Life is…

I just finished reading Bayo Akomolafe's wonderful book These Wilds Beyond Our Fences, a series of letters he's written to his daughter as he explores his (as well as our) search for home. The book is a wonderful journey into the exploration of this thing we call life, which makes it (in my mind) a great companion for all of us, regardless of our station, role, and/or work in the world.

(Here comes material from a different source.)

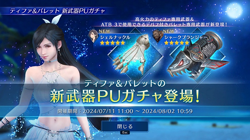 前回のユフィの水着も確定の武器1だけしか引けなかったし…

Towards the end, I came across this passage. It pretty much speaks for itself, but I've got some inquiries I'd love to invite you into if you're interested. Mostly, I wanted to share his words.

Here they are:

“Life is not a ladder, whose topmost rung is more valuable than the ones before it; life is not a race to see who crosses the finish line first; life is not a circle with a discernible center or a proscribed circumference. The language of deficit drops you on a linear path, where you are never enough, where what you do doesn't count in the larger scheme of things, where you feel guilt for not doing enough to save the planet, or where you do not always rise to your cherished shibboleths and values. Your job in this framework is to rack up achievements, faster than others, sooner than most. But what if life is a fractal with interlocking images, with parts reflecting the whole? What if life is a web, where past and present and future melt into a rapturous immediacy, glimpses of which we perceive in heightened moments? What if you don't have to beat yourself into shape? What if there is no outside force to which you must measure yourself? What if your questions, your imbroglios, and tooth-chips are just as sacred as ‘having it all together?’ What if you are in the most interesting place you can be in now? This home that is a dance with exile?

~ Bayo Akomolafe, These Wilds Beyond Our Fences, pp. 283 - 84

There is, of course, a lot to digest in this short passage. For our purposes, I find myself left with some inquiries that I think are worth exploring.

Things such as: Where has the fractal nature of things (the small reflecting the whole) shown up in my (or, say, your) life and work? What does it take to disrupt the 'language of deficit,' and how does that language show up in my day-to-day (especially in relationship to work)? What happens when I (we?) let in the invitation that everything (from questions to tooth-chips) is as sacred as ‘having it all together?’

Mostly, I love the inquiry he posits toward the end: What if you are in the most interesting place you can be in now?

I'd love to hear how these land in you. What do Bayo's words invite into your life?